Nothing in the records below should be altered in the copy, although the pictures must be left out.

------

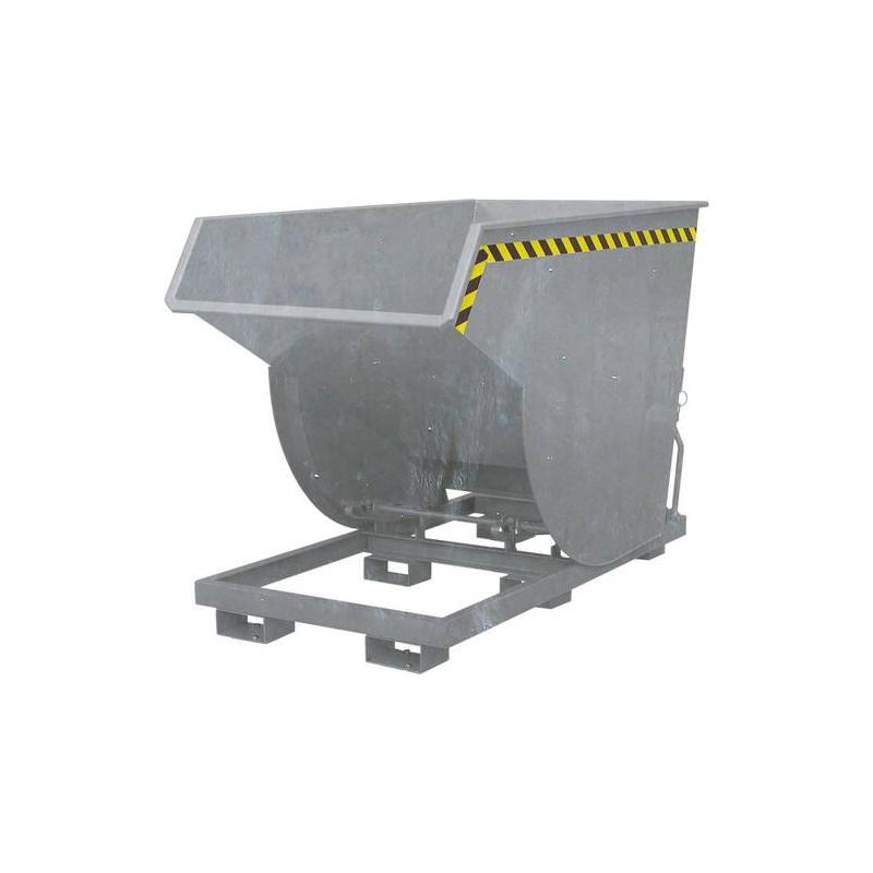Vyklopný kontejner s automatickým odvalováním, pozinkovaný - Pevná konstrukce - ochrana proti poškození Je speciálně navržen pro přepravu těžkých nákladů s užitečným zatížením až 3000 kg. Zachycovač omezuje proces vyklápění pod úhlem 90° a chrání tak kontejner před poškozením. - Automatické zamykání Automatické opětovné uzamčení při opětovném zvednutí zásobníku. - Barva Práškové lakování v barvách RAL 2004 čistě oranžová, RAL 5010 hořcově modrá, RAL 7016 antracitově šedá nebo pozinkovaná.
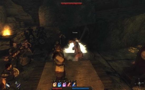 ,而且竟然无敌到无视旁边砍他的怪??所以我就把他们引到盗贼营地的洞穴里,让里面的人围攻他。。。。。
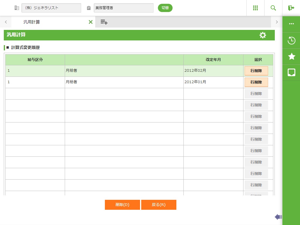汎用計算を中止し、画面-1に戻ります。 変動項目の削除処理を実行しない場合は、計算式変更履歴画面(画面−4)参照にて改定年月を削除後、給与計算を実行してください。 |
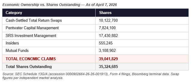 The analyst’s figure of 10,122,700 shares in cash-settled swap exposure matches the ownership decomposition table he published publicly, which showed total economic claims of 39,041,829 shares against 35,324,685 shares outstanding (a structural overhang of approximately 10.5%).
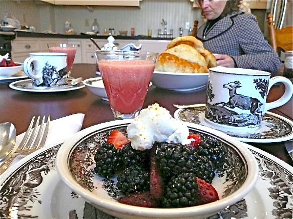 (A black fruit if in season (blue berry, blackberry, Saskatoon) for visual appeal, as well)

------

-- SOLUTION BELOW --
Vyklopný kontejner s automatickým odvalováním, pozinkovaný - Pevná konstrukce - ochrana proti poškození Je speciálně navržen pro přepravu těžkých nákladů s užitečným zatížením až 3000 kg. Zachycovač omezuje proces vyklápění pod úhlem 90° a chrání tak kontejner před poškozením. - Automatické zamykání Automatické opětovné uzamčení při opětovném zvednutí zásobníku. - Barva Práškové lakování v barvách RAL 2004 čistě oranžová, RAL 5010 hořcově modrá, RAL 7016 antracitově šedá nebo pozinkovaná.
 ,而且竟然无敌到无视旁边砍他的怪??所以我就把他们引到盗贼营地的洞穴里,让里面的人围攻他。。。。。
汎用計算を中止し、画面-1に戻ります。 変動項目の削除処理を実行しない場合は、計算式変更履歴画面(画面−4)参照にて改定年月を削除後、給与計算を実行してください。 |
 The analyst’s figure of 10,122,700 shares in cash-settled swap exposure matches the ownership decomposition table he published publicly, which showed total economic claims of 39,041,829 shares against 35,324,685 shares outstanding (a structural overhang of approximately 10.5%).
 (A black fruit if in season (blue berry, blackberry, Saskatoon) for visual appeal, as well)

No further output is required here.